I've been using lstrcmpi for a few years in my plugins and know very well that 
does 
work well for the complete Unicode range regardless of locale you are in.

Original comment by borkra on 2 Sep 2009 at 12:21

GoogleCodeExporter commented 9 years ago

2george.hazan
Thank you for finding my writing interesting :)
Yes, I found the code you mentioned (setlocale(LC_ALL,"")) in the very 
beginning of 
the Miranda's WinMain function. And this is the only place in Miranda where it 
can 
be found.
Yes, I agree that calling it will solve my case (as I wrote in the Comment 2). 
But 
still I'm afraid that Miranda's Jabber dll suffers from having its locale set 
to "C". To check if it's true I opened Miranda project (this time I did as you 
told, 
from native solution, but from bin8 directory), opened file 
miranda\protocols\JabberG\jabber.cpp, and added the next lines to the DllMain 
in the 
very beginning:
    const TCHAR tststr[] = _T("абвгдеёжзийклмнопрстуфхцчшщъыьэюя"); // Russian 
alphabet lowercase
    const TCHAR TSTSTR[] = _T("АБВГДЕЁЖЗИЙКЛМНОПРСТУФХЦЧШЩЪЫЬЭЮЯ"); // Russian 
alphabet uppercase
    int mk_result = _tcsnicmp(tststr, TSTSTR, -1);
    MessageBox(0, (mk_result == 0) ? _T("Equal") : _T("Inequal"), _T
("Comparison"), MB_OK | MB_ICONINFORMATION | MB_TOPMOST);
And when I compile this dll (Release Unicode configuration, nothing else 
changed) 
and run Miranda with it I get message saying "Inequal"! I use Russian Windows 
XP 
with Regional options set to Russian.
I suppose it's because the rtl is stateful, and it uses some global variables 
(e.g. 
__locale_changed) that are global only in a project, not across different 
projects 
of a solution. So when the .dll opens, it has its own locale different from the 
.exe 
(I don't know it for sure, it's just guessing). Anyway, this test clearly shows 
that 
the _tcsnicmp doesn't work the way it's expected to.
I sertainly will try to get the network log of the case You asked (but I don't 
understand in what way the network log may be useful here).

2borkra
Yes, I understand what you are talking about (and what Microsoft is, too). I 
just 
want to make clear what is my point:
Yes, if you change the code that it will use lstrcmpi instead of tcsnicmp, it 
will 
fix MOST of problems (and all my problems; and I did just this, but using the 
underlying CompareString!). But it will fix only those cases where the jid 
contains 
only those characters that have one-to-one upper-to-lowercase relations (this 
is 
exactly what you said, I agree with you). But when this will not be the case 
(as you 
justly said about Asian languages), the approach will fail and the comparison 
will 
become locale-dependent (ant if it would concern a message, it would be OK, but 
it 
is all about jid, that must be locale-independent and must be treated as 
standard 
says). I don't think this problem is high-priority; I just say that there IS a 
problem that MAY become prominent in the future.

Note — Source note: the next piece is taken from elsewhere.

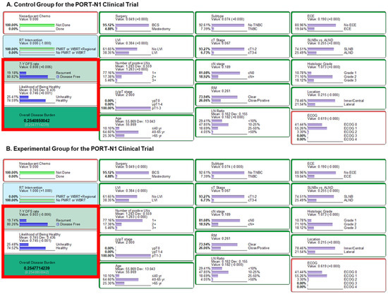 Figure 3. Results from the PORT-N1 clinical trial settings. Inference using likelihood matching method are presented for (A) the control group and (B) the experimental group. Abbreviations: LN, lymph node; Chemo, chemotherapy; WBRT, whole-breast radiation therapy; PMRT, post-mastectomy radiation therapy, TNBC, triple-negative breast cancer; BCS, breast-conserving surgery; 7-Y DFS, 7-year disease-free survival; SLNBx, sentinel lymph node biopsy; ALND, axillary lymph node dissection; LN, lymph node; ECE, extracapsular extension; RM, resection margin; LVI, lymphovascular invasion; ECOG, Eastern Cooperative Oncology Group.
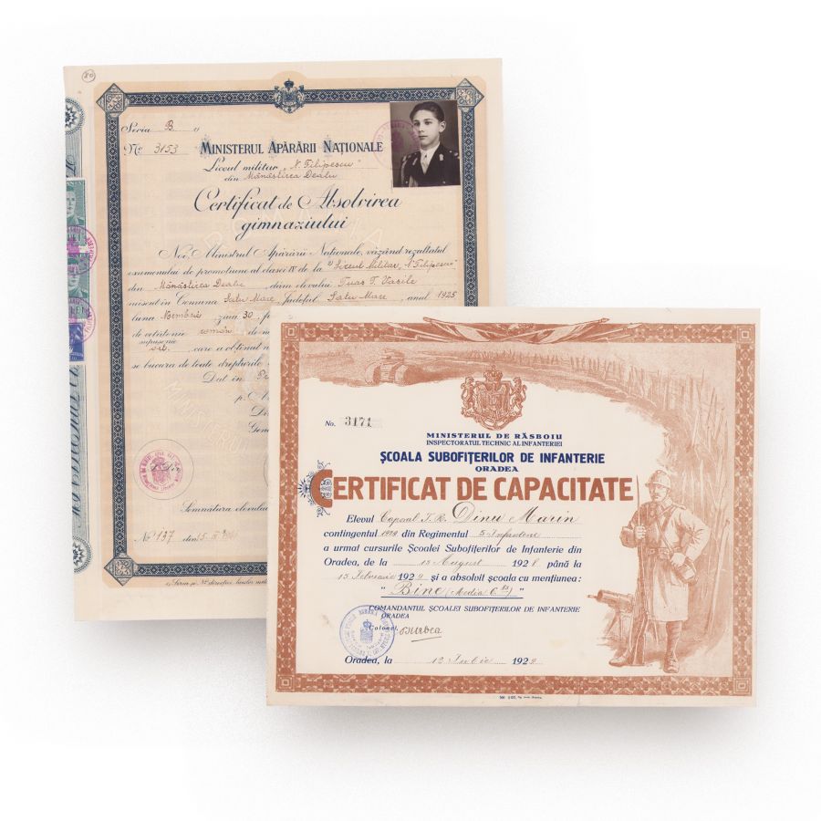 Certificat de capacitate oferit caporalului Dinu Marin, elev a Școlii Subofițerilor de Infanterie, care a urmat cursurile în perioada 15 august 1928-15 februarie 1929. Aceasta este datată 12 iulie 1929.

Thank you for your attention to this problem.

Original comment by mikekaga...@gmail.com on 2 Sep 2009 at 3:34

GoogleCodeExporter commented 9 years ago

1. No, you did not understand, what I am saying. 

For these Asian languages it's impossible to make locale independent compare no 
matter 
what you do. As upper/lower relationship is one to many. And Microsoft API does 
treat 
the comparison the way standard says.

2. If you will not recompile anything with different compiler and use Miranda s 
it 
provided, do you still have a problem?

Original comment by borkra on 2 Sep 2009 at 7:26

GoogleCodeExporter commented 9 years ago

Mike,

VS2008 stores all non-ASCII strings as UTF8 by default, that's why they are 
unequal
:) just look at these strings in the debugger. Another idea is that you 
compiled your
dll with static runtime, that's why the setlocale() call inside the code doesn't
affect Jabber.

Original comment by george.hazan on 2 Sep 2009 at 9:03

GoogleCodeExporter commented 9 years ago

2borkra
Boris, I think you are wrong, but I have not enough klowledge in this field at 
the 
moment. I have just idea, not proofs.
I cannot use Miranda in my environment without recompilation of Jabber, as it 
just 
won't authorise me (as described in Issue 187). So I cannot answer your 
question at 
the moment.

2george.hazan
I'm sorry to say that, but it's impossible. TCHAR compiles to wchar_t if 
UNICODE is 
defined (and it is in the Release Unicode configuration), and wchar_t in the VC 
2008 
(as in most other implementations) is 2-byte type. The text that is stored in a 
wchar_t[] constant is encoded UTF-16. UTF-8 is multibyte encoding, i.e. a char 
may 
be represented in arbitrary count of bytes, it may be 1 byte (in the case of 
ascii) 
or 2 bytes (as is true for any russian letter) or up to 5 bytes. The test that 
is 
utf-8-encoded is stored in char[].
Another thing is that I have not changed anything in the project settings, as I 
mentioned. Ant there stays "Multi-threaded DLL (/MD)" for Runtime library, and 
the 
dll that is generated has size 670208 B, even less then the one that ships in 
the 
official package (697963 B). If it would compile statically it would be 
significantly larger.
Do you say that if you compile it yourself you will get different results? :)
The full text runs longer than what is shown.